● Dataset extract
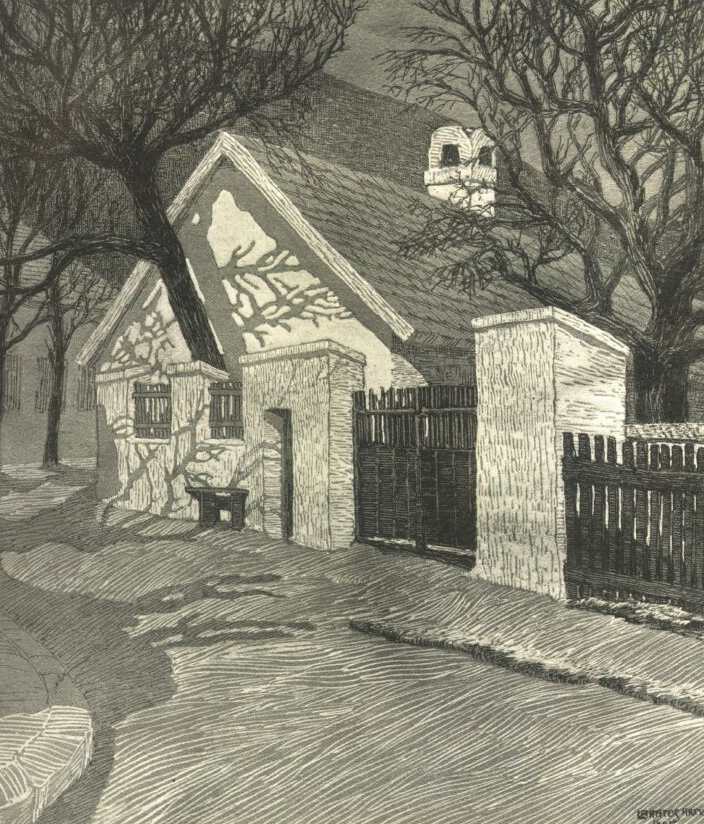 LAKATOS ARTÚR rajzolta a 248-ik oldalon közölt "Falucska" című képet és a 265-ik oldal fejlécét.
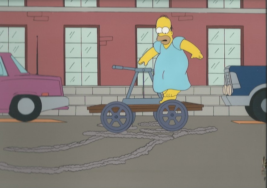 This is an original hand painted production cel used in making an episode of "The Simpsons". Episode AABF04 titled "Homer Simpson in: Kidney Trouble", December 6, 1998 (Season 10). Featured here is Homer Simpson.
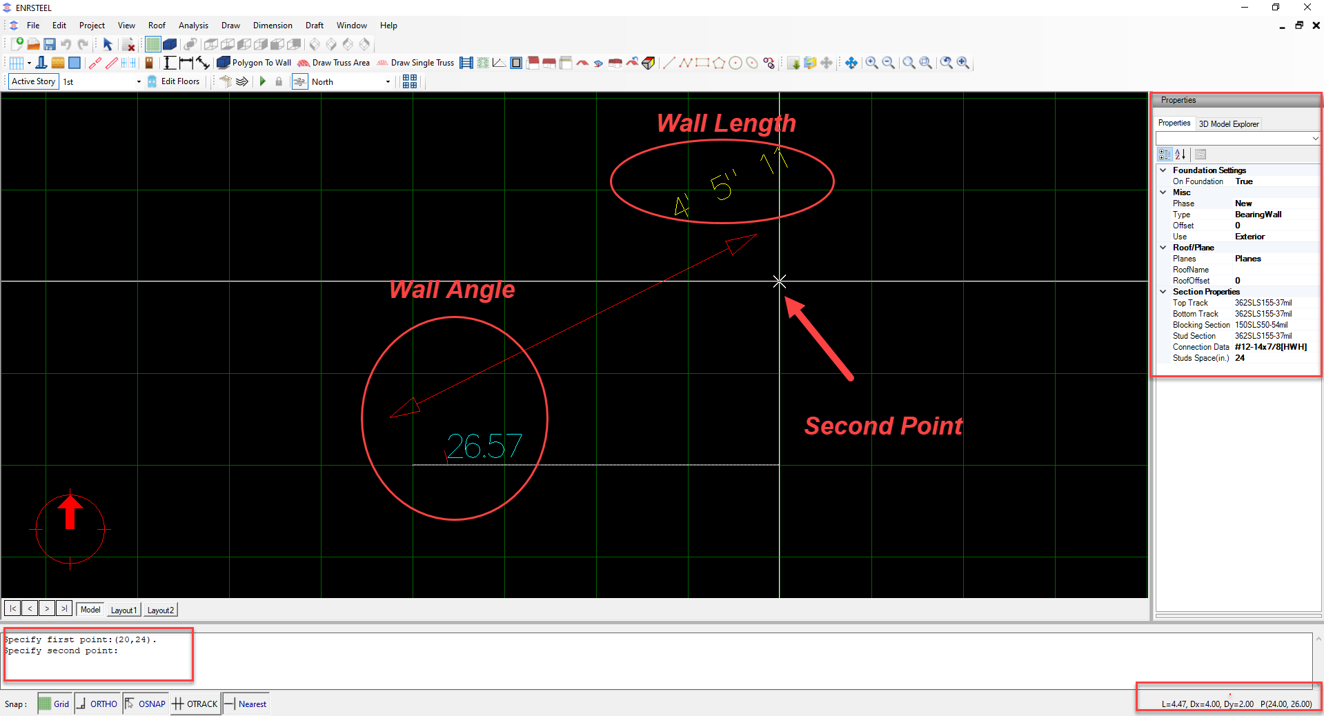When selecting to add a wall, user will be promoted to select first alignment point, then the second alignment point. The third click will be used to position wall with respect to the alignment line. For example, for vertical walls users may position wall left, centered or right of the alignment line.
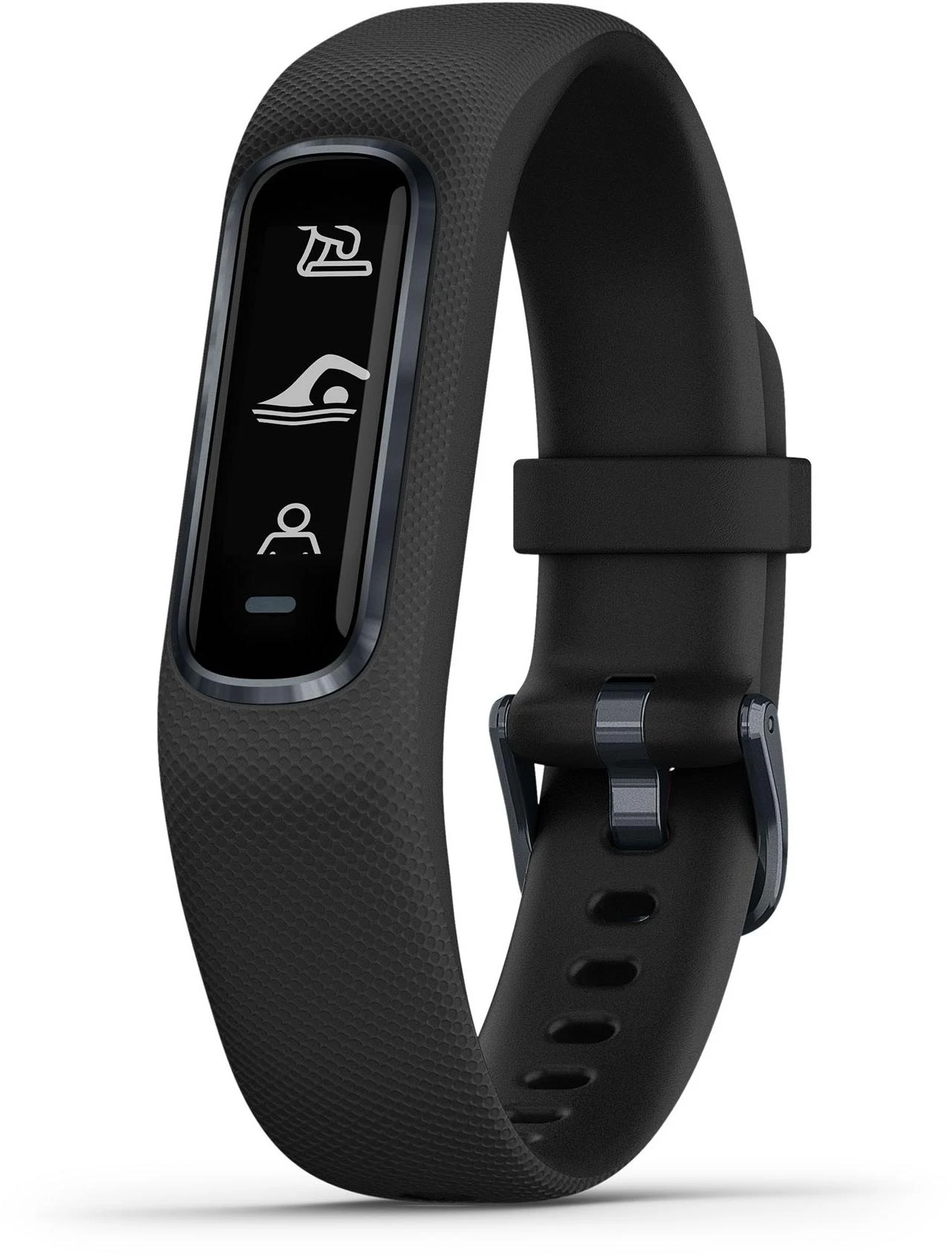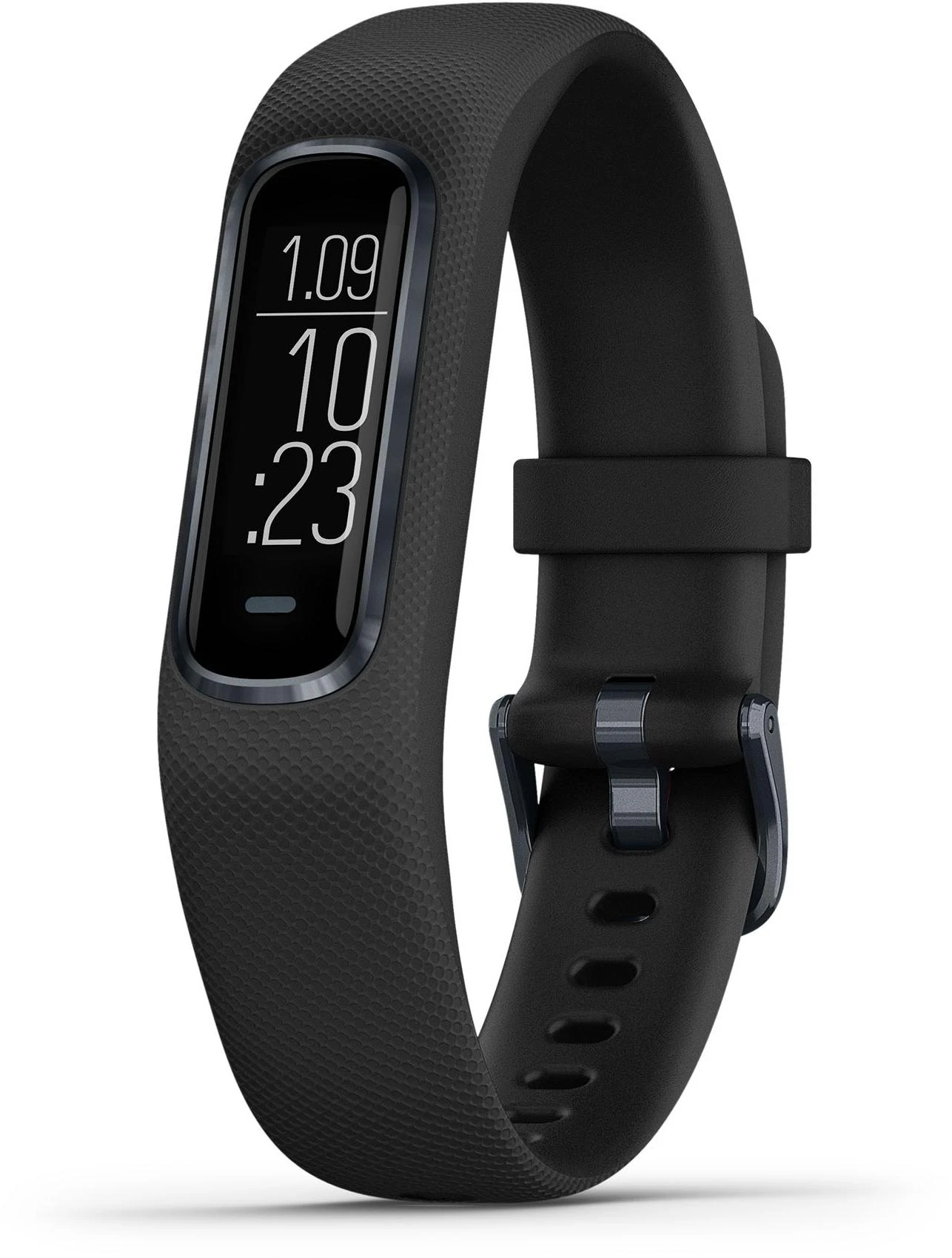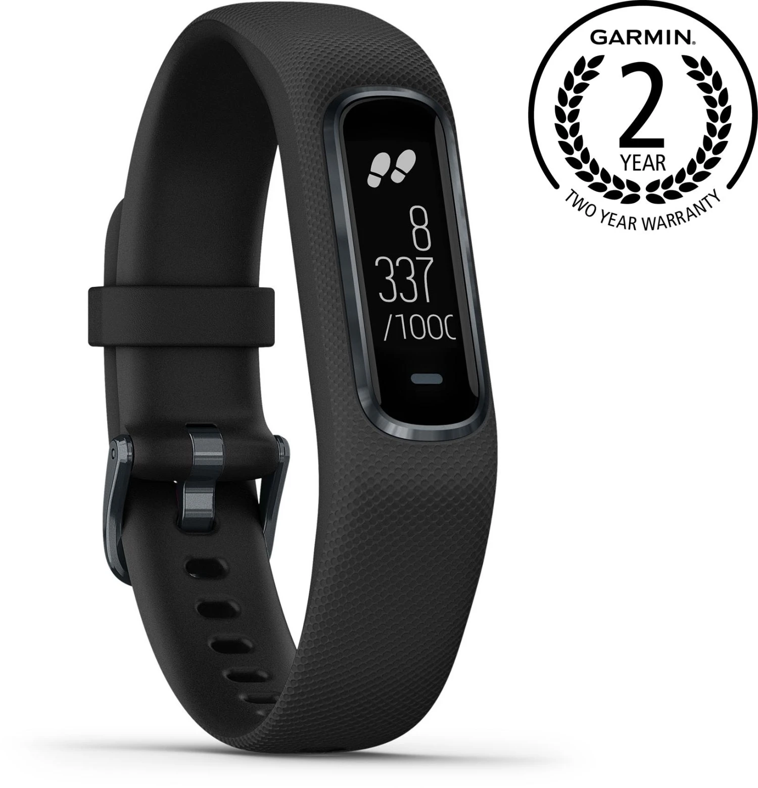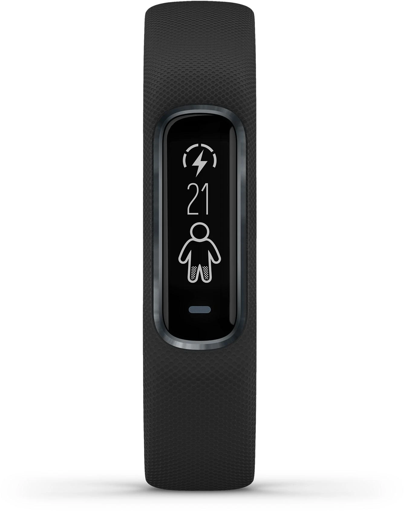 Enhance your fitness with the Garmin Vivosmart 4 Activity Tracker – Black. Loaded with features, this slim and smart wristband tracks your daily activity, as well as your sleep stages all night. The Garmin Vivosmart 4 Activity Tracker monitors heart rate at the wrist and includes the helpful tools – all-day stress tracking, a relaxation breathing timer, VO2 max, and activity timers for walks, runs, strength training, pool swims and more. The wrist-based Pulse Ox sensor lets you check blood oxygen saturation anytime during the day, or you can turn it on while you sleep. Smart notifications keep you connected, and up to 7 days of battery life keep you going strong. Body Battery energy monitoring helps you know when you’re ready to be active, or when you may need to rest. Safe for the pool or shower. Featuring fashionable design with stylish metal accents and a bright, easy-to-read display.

● About this exercise
Give again, exactly, the lines from the start of the data through the one holding "When selecting to"; omit the pictures.

● Reply
 LAKATOS ARTÚR rajzolta a 248-ik oldalon közölt "Falucska" című képet és a 265-ik oldal fejlécét.
 This is an original hand painted production cel used in making an episode of "The Simpsons". Episode AABF04 titled "Homer Simpson in: Kidney Trouble", December 6, 1998 (Season 10). Featured here is Homer Simpson.
When selecting to add a wall, user will be promoted to select first alignment point, then the second alignment point. The third click will be used to position wall with respect to the alignment line. For example, for vertical walls users may position wall left, centered or right of the alignment line.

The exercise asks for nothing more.